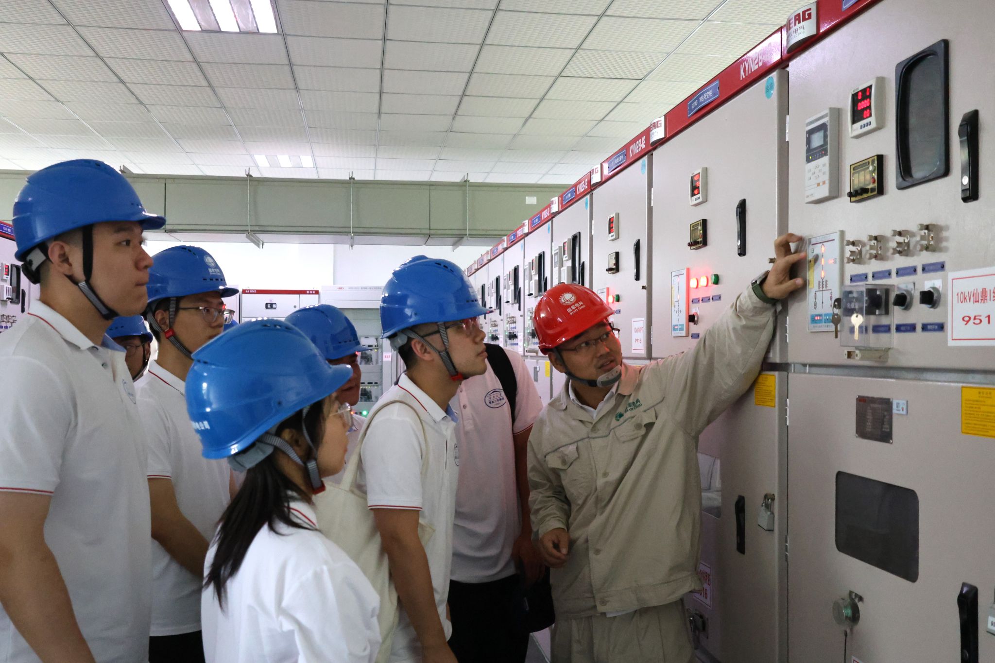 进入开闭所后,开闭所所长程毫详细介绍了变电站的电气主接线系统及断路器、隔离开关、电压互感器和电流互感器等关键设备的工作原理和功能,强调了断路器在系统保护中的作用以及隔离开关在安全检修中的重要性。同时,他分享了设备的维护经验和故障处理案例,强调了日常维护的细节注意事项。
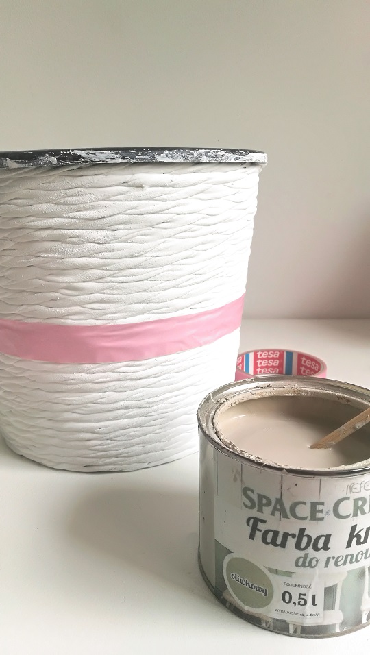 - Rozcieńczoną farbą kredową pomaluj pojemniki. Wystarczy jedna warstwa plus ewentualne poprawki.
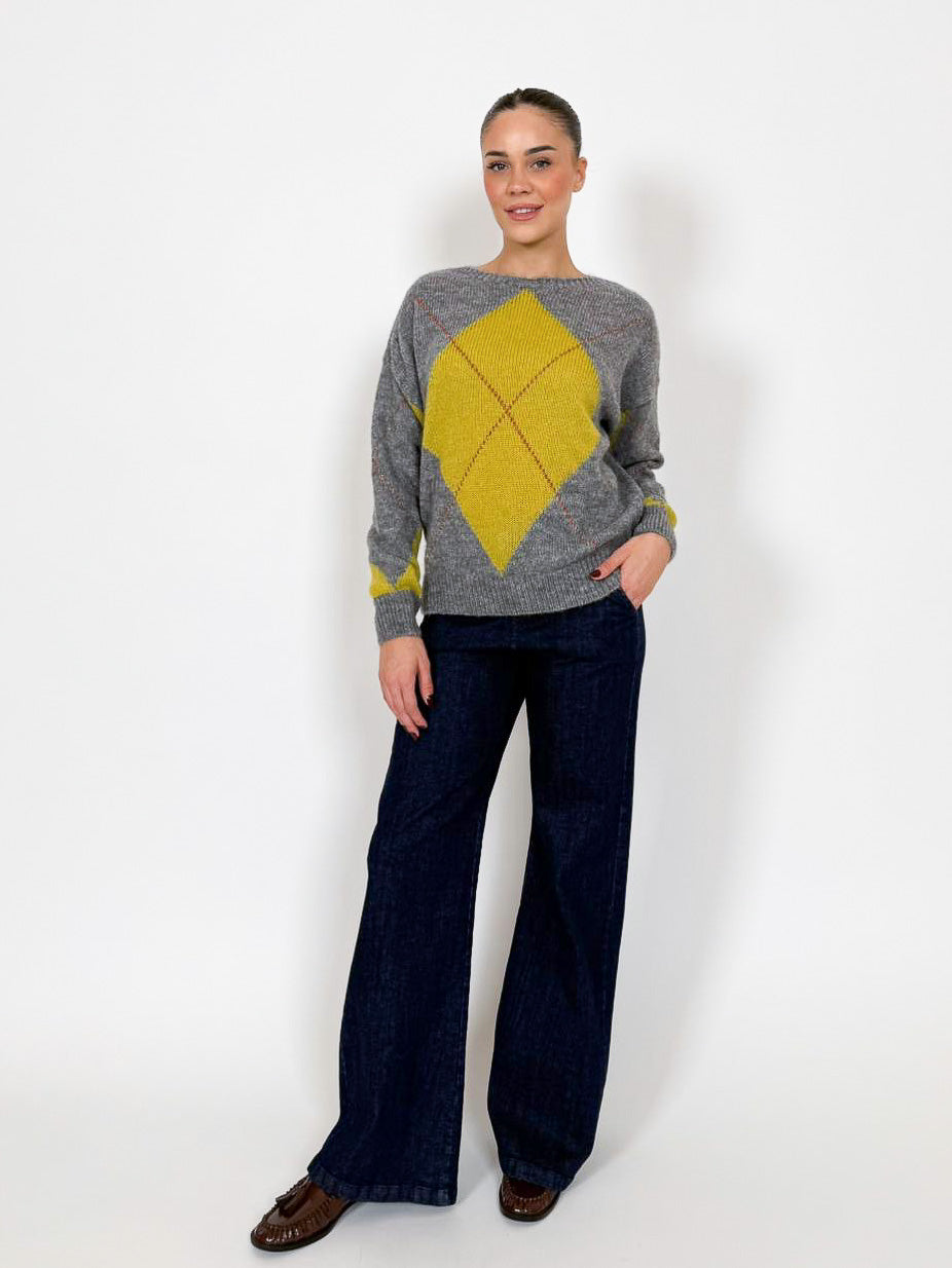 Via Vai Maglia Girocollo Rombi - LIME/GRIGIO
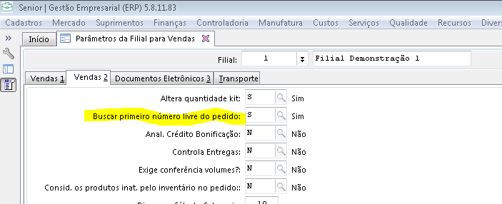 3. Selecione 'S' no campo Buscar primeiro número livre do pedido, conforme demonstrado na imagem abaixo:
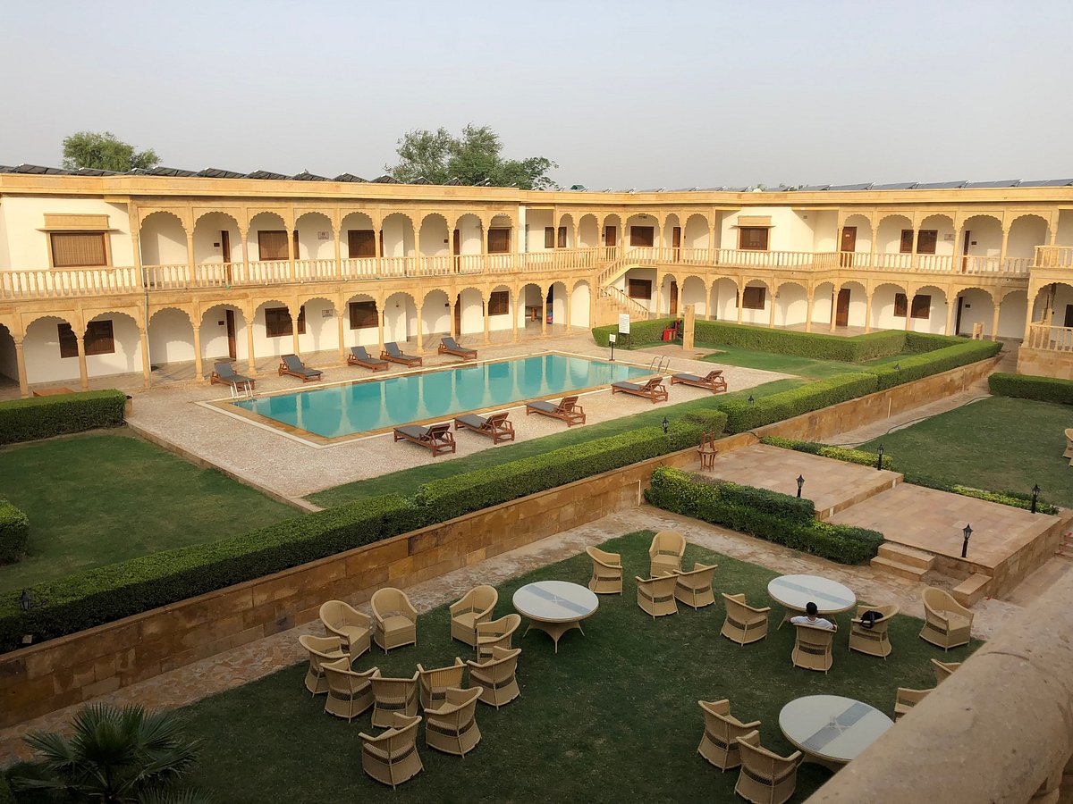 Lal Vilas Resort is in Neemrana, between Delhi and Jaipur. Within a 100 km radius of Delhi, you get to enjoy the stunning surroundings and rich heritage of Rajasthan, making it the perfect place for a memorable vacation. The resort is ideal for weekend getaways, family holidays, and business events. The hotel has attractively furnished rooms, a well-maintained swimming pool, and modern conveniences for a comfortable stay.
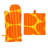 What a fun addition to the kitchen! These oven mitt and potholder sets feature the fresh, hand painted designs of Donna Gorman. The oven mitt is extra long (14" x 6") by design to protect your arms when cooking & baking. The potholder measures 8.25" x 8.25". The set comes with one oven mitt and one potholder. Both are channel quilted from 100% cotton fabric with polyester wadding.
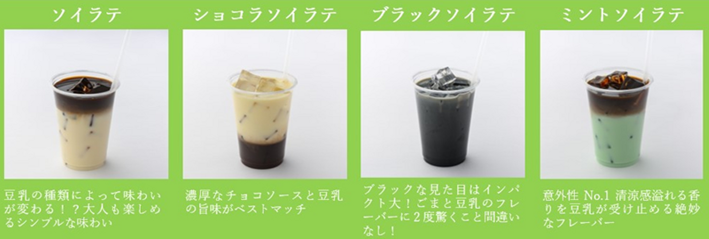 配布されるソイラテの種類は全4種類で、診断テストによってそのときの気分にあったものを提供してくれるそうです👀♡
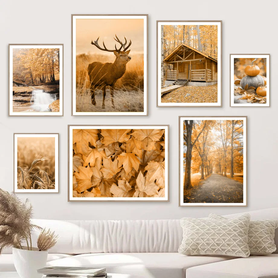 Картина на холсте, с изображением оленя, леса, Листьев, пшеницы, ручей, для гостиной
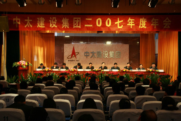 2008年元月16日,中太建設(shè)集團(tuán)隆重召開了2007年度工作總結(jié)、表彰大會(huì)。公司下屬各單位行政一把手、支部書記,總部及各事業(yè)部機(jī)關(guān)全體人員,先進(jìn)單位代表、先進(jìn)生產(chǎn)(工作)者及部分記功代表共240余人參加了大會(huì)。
---
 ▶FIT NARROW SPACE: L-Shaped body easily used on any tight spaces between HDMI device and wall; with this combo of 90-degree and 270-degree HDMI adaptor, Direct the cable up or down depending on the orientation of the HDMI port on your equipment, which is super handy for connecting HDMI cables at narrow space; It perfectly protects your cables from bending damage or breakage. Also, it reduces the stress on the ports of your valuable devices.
--
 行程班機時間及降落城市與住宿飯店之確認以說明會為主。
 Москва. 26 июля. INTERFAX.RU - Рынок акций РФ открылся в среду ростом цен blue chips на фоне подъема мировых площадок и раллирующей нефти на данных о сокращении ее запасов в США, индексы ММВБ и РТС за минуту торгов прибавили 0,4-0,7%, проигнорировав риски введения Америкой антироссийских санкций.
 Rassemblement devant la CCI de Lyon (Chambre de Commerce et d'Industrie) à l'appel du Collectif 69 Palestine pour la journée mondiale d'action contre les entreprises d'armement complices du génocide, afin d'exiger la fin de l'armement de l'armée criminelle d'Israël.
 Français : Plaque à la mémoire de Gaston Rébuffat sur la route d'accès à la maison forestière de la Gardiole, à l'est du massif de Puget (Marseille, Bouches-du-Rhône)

What the task asks:
Above are the records. Copy word for word only their lines from the one holding "- Rozcieńczoną farbą" through the one holding "3. Selecione 'S'", both included, and skip the images.

Your solution:
 - Rozcieńczoną farbą kredową pomaluj pojemniki. Wystarczy jedna warstwa plus ewentualne poprawki.
 Via Vai Maglia Girocollo Rombi - LIME/GRIGIO
 3. Selecione 'S' no campo Buscar primeiro número livre do pedido, conforme demonstrado na imagem abaixo:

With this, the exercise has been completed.